Recommended vaccines: MMR, influenza, COVID-19, pneumococcus, shingles. The guiding principle: any vaccine beats no vaccine, but immunogenicity can be optimised by timing drug holds:

  • Influenza: prefer high-dose/adjuvanted. Hold methotrexate 2 weeks post-vaccine (if disease allows). Rituximab: vaccinate on schedule and delay the next RTX dose ≥2 weeks. Continue MMF/TCZ/CYC/AZA.
  • Pneumococcus: strongly recommended in those <65 on immunosuppression. Hold nothing (continue MTX and others); for RTX, delay next dose ≥2 weeks.
  • COVID-19: IV cyclophosphamide 1 week after each dose; rituximab — vaccinate 2–4 weeks before the next scheduled dose (e.g., month 5–5.5 of a 6-monthly cycle); hold MMF/AZA/MTX 1–2 weeks after each dose. No consensus on interrupting tocilizumab/other cytokine inhibitors.

Key Takeaways

  1. Screen every SSc patient properly: full PFTs (spirometry + lung volumes + DLCO) and non-contrast HRCT. Office spirometry alone and a CTPA do not count.
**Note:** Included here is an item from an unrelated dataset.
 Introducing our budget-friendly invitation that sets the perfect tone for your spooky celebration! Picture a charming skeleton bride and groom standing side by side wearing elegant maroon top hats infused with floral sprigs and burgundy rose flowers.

  2. Know the high-risk phenotype (diffuse cutaneous, anti-Scl-70, male, early disease, raised CRP/ESR) — these patients warrant the closest surveillance.
  3. Monitor on a schedule: full PFTs every 3–6 months in year 1, then 12–24 months if stable (many experts monitor more often); add ambulatory desaturation testing and HRCT as needed — and co-manage with pulmonology.
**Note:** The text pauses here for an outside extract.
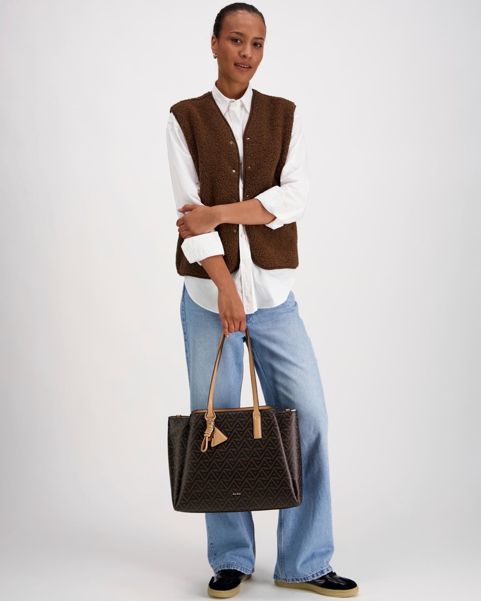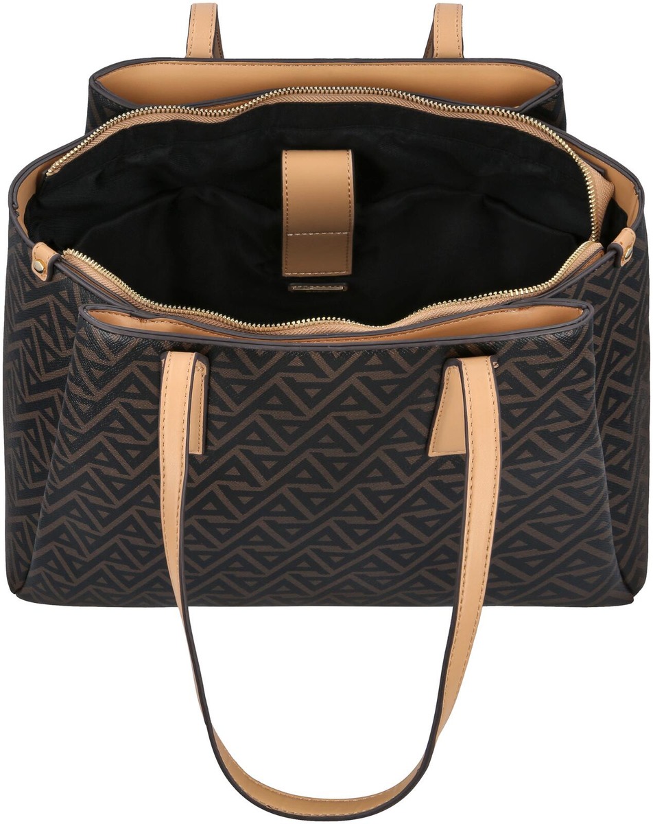 Keinonahkainen olkakassi logokuvioinnilla. Keskellä vetoketjullinen lokero, sivuilla nepilliset lokerot.

  4. Mycophenolate is the practical backbone (efficacy comparable to cyclophosphamide, better tolerated, cheaper); tocilizumab (FDA-approved, best in early inflammatory disease) and nintedanib (antifibrotic, slows FVC decline) meaningfully expand the toolkit. Be cautious with azathioprine.
  5. Let extra-pulmonary disease guide drug choice through shared decision-making.
  6. Avoid glucocorticoids — the strongest safety statement, because of renal-crisis risk; if used, keep <15 mg/day.
  7. For progressive disease, escalate/switch agents, avoid plasma exchange, and refer early for HSCT and/or lung transplant evaluation.
  8. Vaccinate and choreograph immunosuppression around vaccination to maximise immunogenicity.
  9. Honest limitation: the FVC benefits across these agents are modest, and their effect on survival remains uncertain — the authors call for head-to-head combination trials and biomarkers to guide therapy.